▸ Work order
Everything in the entries below except the pictures must be returned exactly.

##### Exercise data

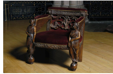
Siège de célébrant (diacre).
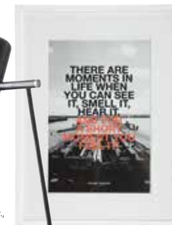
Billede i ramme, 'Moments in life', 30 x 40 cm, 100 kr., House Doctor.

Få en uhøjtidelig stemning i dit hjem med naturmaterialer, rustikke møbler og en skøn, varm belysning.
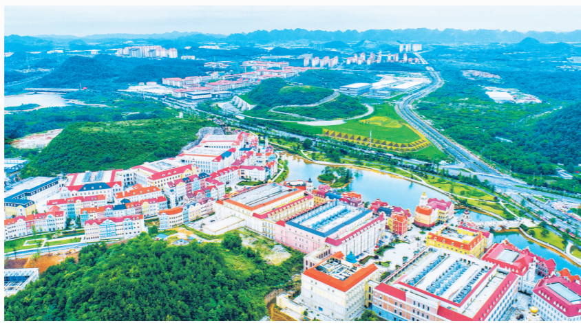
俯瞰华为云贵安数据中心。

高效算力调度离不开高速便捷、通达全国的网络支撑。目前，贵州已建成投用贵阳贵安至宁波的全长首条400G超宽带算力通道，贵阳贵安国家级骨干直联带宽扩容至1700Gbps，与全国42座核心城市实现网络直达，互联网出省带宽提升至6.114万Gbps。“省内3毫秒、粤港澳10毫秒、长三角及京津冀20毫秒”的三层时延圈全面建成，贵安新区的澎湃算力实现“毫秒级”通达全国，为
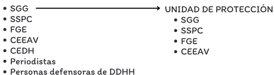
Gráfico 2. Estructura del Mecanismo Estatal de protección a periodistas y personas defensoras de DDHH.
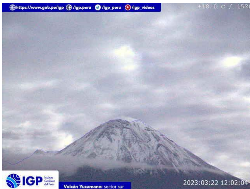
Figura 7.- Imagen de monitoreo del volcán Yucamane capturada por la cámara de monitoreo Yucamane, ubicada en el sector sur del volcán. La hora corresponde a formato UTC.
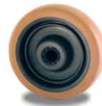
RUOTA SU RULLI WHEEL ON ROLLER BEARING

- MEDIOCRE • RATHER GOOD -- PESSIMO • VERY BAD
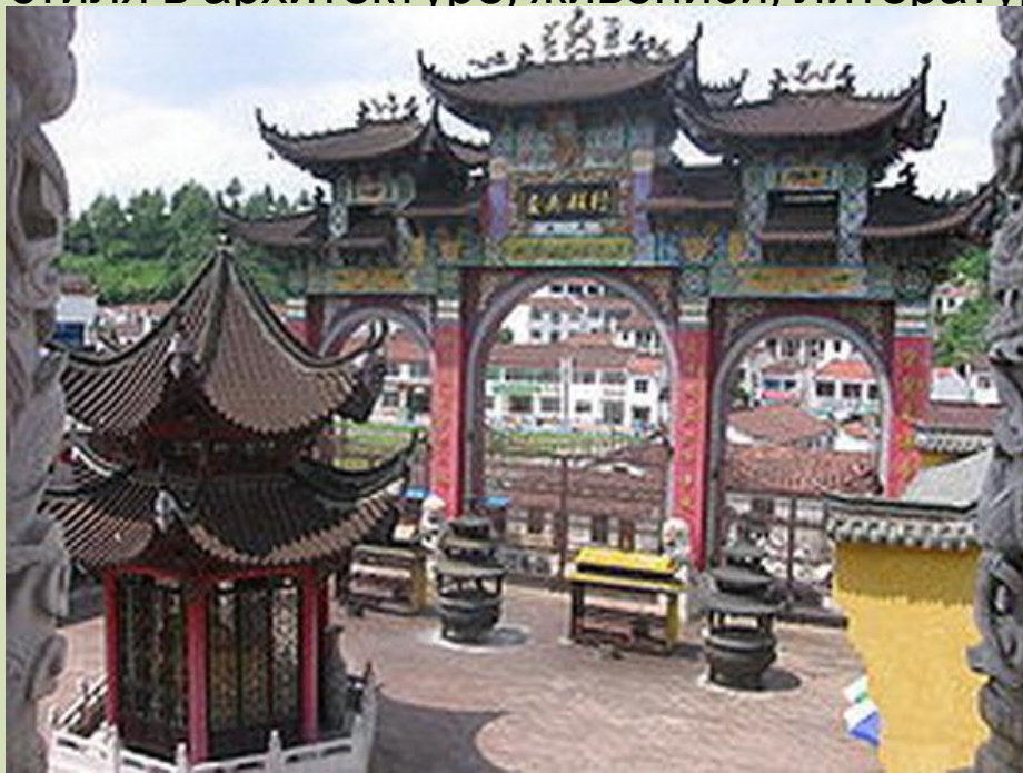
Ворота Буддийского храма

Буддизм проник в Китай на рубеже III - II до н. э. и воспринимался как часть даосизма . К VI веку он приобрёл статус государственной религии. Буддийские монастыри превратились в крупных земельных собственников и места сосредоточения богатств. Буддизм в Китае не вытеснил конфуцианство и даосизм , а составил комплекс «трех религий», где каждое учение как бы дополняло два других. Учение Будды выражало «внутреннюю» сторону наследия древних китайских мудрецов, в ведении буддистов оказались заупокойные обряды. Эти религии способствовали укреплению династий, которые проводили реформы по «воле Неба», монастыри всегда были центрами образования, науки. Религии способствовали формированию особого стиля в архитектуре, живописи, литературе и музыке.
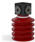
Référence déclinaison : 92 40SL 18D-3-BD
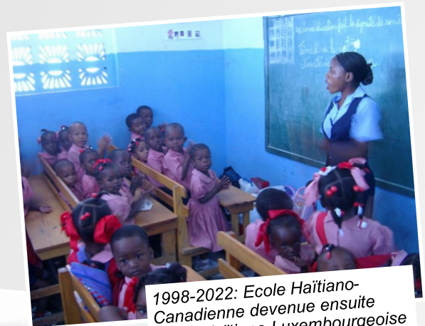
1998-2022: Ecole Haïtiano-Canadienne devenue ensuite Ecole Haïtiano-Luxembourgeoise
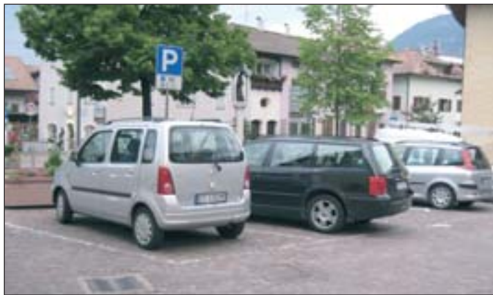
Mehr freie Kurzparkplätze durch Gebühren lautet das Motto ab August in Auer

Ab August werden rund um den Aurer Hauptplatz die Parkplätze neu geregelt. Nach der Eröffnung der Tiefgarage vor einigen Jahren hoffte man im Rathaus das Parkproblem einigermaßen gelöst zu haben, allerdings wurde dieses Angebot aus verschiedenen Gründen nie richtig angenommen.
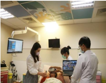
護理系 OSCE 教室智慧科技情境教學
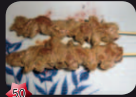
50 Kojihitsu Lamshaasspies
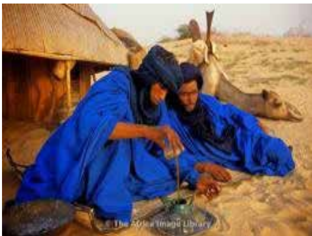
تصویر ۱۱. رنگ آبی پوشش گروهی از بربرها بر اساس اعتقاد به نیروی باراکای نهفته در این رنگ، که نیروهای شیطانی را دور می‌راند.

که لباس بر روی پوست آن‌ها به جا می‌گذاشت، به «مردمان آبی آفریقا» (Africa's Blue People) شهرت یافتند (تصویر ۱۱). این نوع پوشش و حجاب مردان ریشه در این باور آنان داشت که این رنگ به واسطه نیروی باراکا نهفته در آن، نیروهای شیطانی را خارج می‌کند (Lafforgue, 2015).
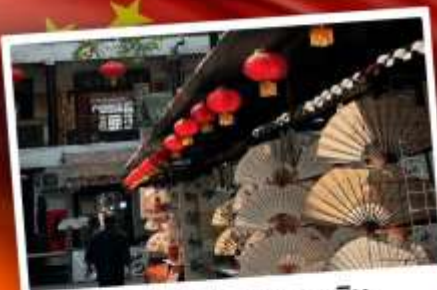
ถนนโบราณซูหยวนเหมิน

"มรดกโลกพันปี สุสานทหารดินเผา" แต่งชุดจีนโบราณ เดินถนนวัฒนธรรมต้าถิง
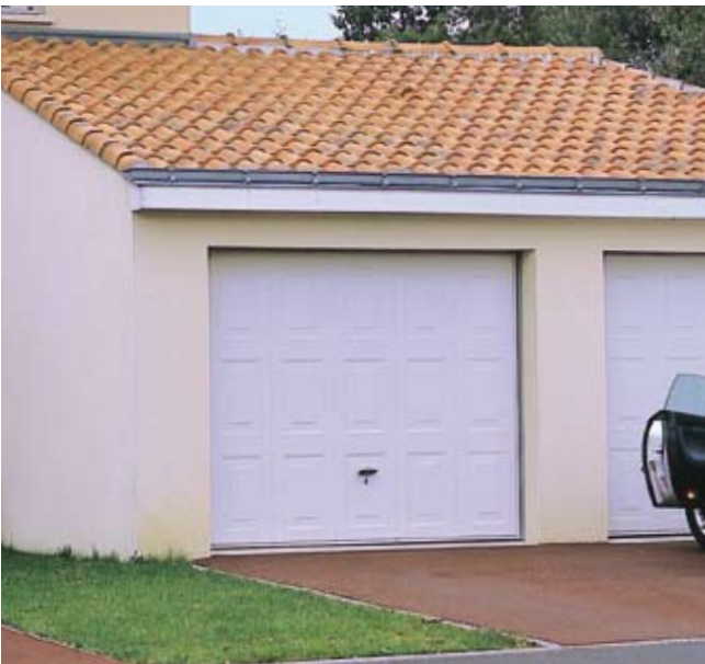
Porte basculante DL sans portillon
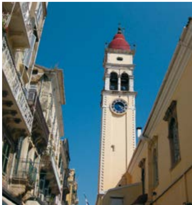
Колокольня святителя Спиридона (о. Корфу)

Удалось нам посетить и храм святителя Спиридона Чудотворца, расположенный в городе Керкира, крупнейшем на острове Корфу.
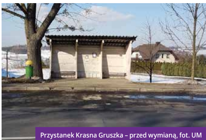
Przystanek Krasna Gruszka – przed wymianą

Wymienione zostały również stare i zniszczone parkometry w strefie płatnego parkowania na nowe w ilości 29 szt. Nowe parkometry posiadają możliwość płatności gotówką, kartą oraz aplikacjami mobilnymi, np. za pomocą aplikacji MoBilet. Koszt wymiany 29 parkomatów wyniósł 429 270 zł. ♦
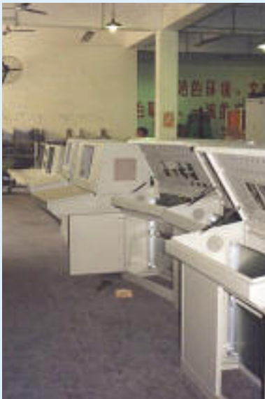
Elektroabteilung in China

##########

▸ Answer box
Siège de célébrant (diacre).
Billede i ramme, 'Moments in life', 30 x 40 cm, 100 kr., House Doctor.

Få en uhøjtidelig stemning i dit hjem med naturmaterialer, rustikke møbler og en skøn, varm belysning.
俯瞰华为云贵安数据中心。

高效算力调度离不开高速便捷、通达全国的网络支撑。目前，贵州已建成投用贵阳贵安至宁波的全长首条400G超宽带算力通道，贵阳贵安国家级骨干直联带宽扩容至1700Gbps，与全国42座核心城市实现网络直达，互联网出省带宽提升至6.114万Gbps。“省内3毫秒、粤港澳10毫秒、长三角及京津冀20毫秒”的三层时延圈全面建成，贵安新区的澎湃算力实现“毫秒级”通达全国，为
Gráfico 2. Estructura del Mecanismo Estatal de protección a periodistas y personas defensoras de DDHH.
Figura 7.- Imagen de monitoreo del volcán Yucamane capturada por la cámara de monitoreo Yucamane, ubicada en el sector sur del volcán. La hora corresponde a formato UTC.
RUOTA SU RULLI WHEEL ON ROLLER BEARING

- MEDIOCRE • RATHER GOOD -- PESSIMO • VERY BAD
Ворота Буддийского храма

Буддизм проник в Китай на рубеже III - II до н. э. и воспринимался как часть даосизма . К VI веку он приобрёл статус государственной религии. Буддийские монастыри превратились в крупных земельных собственников и места сосредоточения богатств. Буддизм в Китае не вытеснил конфуцианство и даосизм , а составил комплекс «трех религий», где каждое учение как бы дополняло два других. Учение Будды выражало «внутреннюю» сторону наследия древних китайских мудрецов, в ведении буддистов оказались заупокойные обряды. Эти религии способствовали укреплению династий, которые проводили реформы по «воле Неба», монастыри всегда были центрами образования, науки. Религии способствовали формированию особого стиля в архитектуре, живописи, литературе и музыке.
Référence déclinaison : 92 40SL 18D-3-BD
1998-2022: Ecole Haïtiano-Canadienne devenue ensuite Ecole Haïtiano-Luxembourgeoise
Mehr freie Kurzparkplätze durch Gebühren lautet das Motto ab August in Auer

Ab August werden rund um den Aurer Hauptplatz die Parkplätze neu geregelt. Nach der Eröffnung der Tiefgarage vor einigen Jahren hoffte man im Rathaus das Parkproblem einigermaßen gelöst zu haben, allerdings wurde dieses Angebot aus verschiedenen Gründen nie richtig angenommen.
護理系 OSCE 教室智慧科技情境教學
50 Kojihitsu Lamshaasspies
تصویر ۱۱. رنگ آبی پوشش گروهی از بربرها بر اساس اعتقاد به نیروی باراکای نهفته در این رنگ، که نیروهای شیطانی را دور می‌راند.

که لباس بر روی پوست آن‌ها به جا می‌گذاشت، به «مردمان آبی آفریقا» (Africa's Blue People) شهرت یافتند (تصویر ۱۱). این نوع پوشش و حجاب مردان ریشه در این باور آنان داشت که این رنگ به واسطه نیروی باراکا نهفته در آن، نیروهای شیطانی را خارج می‌کند (Lafforgue, 2015).
ถนนโบราณซูหยวนเหมิน

"มรดกโลกพันปี สุสานทหารดินเผา" แต่งชุดจีนโบราณ เดินถนนวัฒนธรรมต้าถิง
Porte basculante DL sans portillon
Колокольня святителя Спиридона (о. Корфу)

Удалось нам посетить и храм святителя Спиридона Чудотворца, расположенный в городе Керкира, крупнейшем на острове Корфу.
Przystanek Krasna Gruszka – przed wymianą

Wymienione zostały również stare i zniszczone parkometry w strefie płatnego parkowania na nowe w ilości 29 szt. Nowe parkometry posiadają możliwość płatności gotówką, kartą oraz aplikacjami mobilnymi, np. za pomocą aplikacji MoBilet. Koszt wymiany 29 parkomatów wyniósł 429 270 zł. ♦
Elektroabteilung in China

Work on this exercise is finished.